**Given material**
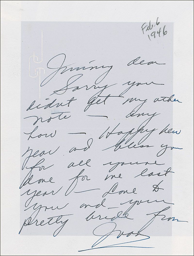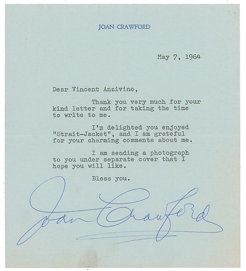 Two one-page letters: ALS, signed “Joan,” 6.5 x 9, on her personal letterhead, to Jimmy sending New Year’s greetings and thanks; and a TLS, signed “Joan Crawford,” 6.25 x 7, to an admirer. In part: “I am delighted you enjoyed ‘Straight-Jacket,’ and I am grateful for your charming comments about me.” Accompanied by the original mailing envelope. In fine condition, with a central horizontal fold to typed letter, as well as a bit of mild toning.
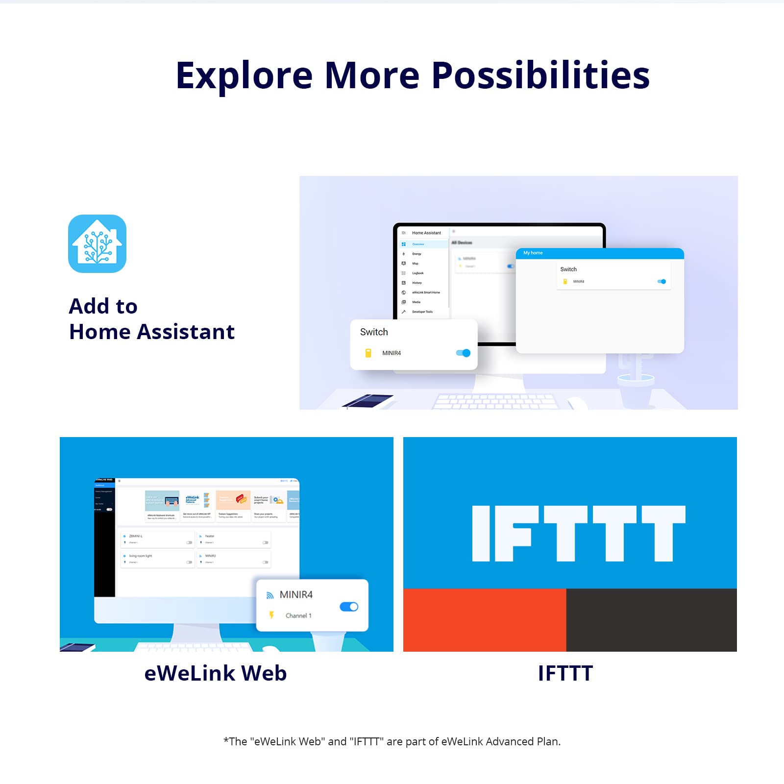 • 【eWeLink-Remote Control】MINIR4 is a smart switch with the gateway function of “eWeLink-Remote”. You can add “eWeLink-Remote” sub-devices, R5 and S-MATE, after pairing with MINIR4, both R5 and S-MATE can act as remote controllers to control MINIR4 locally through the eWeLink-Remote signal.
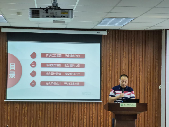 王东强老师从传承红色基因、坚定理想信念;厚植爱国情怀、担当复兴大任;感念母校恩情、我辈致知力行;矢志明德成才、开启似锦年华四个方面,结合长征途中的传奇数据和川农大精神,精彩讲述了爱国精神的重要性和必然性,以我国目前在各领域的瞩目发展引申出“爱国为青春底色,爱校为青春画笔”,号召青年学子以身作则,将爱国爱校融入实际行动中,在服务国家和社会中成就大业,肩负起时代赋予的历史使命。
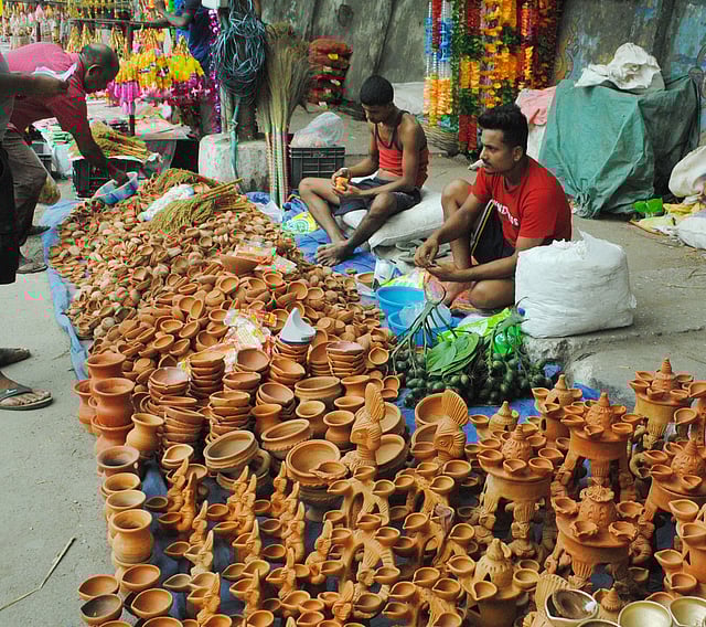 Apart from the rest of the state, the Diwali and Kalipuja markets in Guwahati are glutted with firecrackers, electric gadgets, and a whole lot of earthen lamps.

**To do**
What you return must match the lines above from the one with "the eWeLink-Remote signal." through the one with "王东强老师从传承红色基因、坚" exactly, with both ends included and the pictures excluded.

**Task output**
 • 【eWeLink-Remote Control】MINIR4 is a smart switch with the gateway function of “eWeLink-Remote”. You can add “eWeLink-Remote” sub-devices, R5 and S-MATE, after pairing with MINIR4, both R5 and S-MATE can act as remote controllers to control MINIR4 locally through the eWeLink-Remote signal.
 王东强老师从传承红色基因、坚定理想信念;厚植爱国情怀、担当复兴大任;感念母校恩情、我辈致知力行;矢志明德成才、开启似锦年华四个方面,结合长征途中的传奇数据和川农大精神,精彩讲述了爱国精神的重要性和必然性,以我国目前在各领域的瞩目发展引申出“爱国为青春底色,爱校为青春画笔”,号召青年学子以身作则,将爱国爱校融入实际行动中,在服务国家和社会中成就大业,肩负起时代赋予的历史使命。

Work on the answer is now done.